Citing a “college cost crisis,” Rep. Buck McKeon introduced an adjunct to the Higher Education Act (HEA) last Thursday that would withhold student aid funds from schools that enact sharp tuition increases.
McKeon, D-Calif., said his bill would not harm students because colleges and universities would in all likelihood choose to comply with the proposed clause—which would set limits on permissible tuition increases.
“Hopefully, nobody will ever be sanctioned,” he said. “They’ll have five years, about eight years even with the time needed to pass this law, to get their costs in line.”
Kevin Casey, Harvard’s senior director of federal and state relations, said that McKeon’s bill—which along with the HEA is still in the early stages of debate—was unlikely to pass in its present form.
He also said that the University would not support the bill as drafted.

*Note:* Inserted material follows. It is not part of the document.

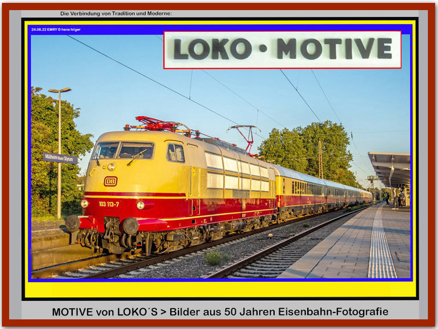 Hier im Tagebuch mit dem blauen Button sind immer die aktuellen Meldungen und die neusten Bilder zu sehen, zusätzlich Texte und Hintergründe zu meinen kurzen Auftritten im Lok-Report; Es empfiehlt sich, immer hier mit der Betrachtung der Homepage zu beginnen und vom Tagebuch aus weiterzugehen zu Verzweigungen oder den Inhalts- Übersichten

The HEA, which governs most federal student financial aid programs, must be regularly reapproved or redrafted. As it stands, the act covers two types of aid. Some funding, like Pell Grants, is disbursed directly to students, while other programs, like federal work study and Perkins Loans, provide funds to colleges which then distribute them to students.
McKeon’s bill would require colleges to post their tuition and fees on an easy-to-access website beginning in 2005. According to the proposed legislation, institutions whose costs rose at more than twice the rate of inflation for three consecutive years would be required to submit an explanation rise and a plan to slow the increase to the Department of Education.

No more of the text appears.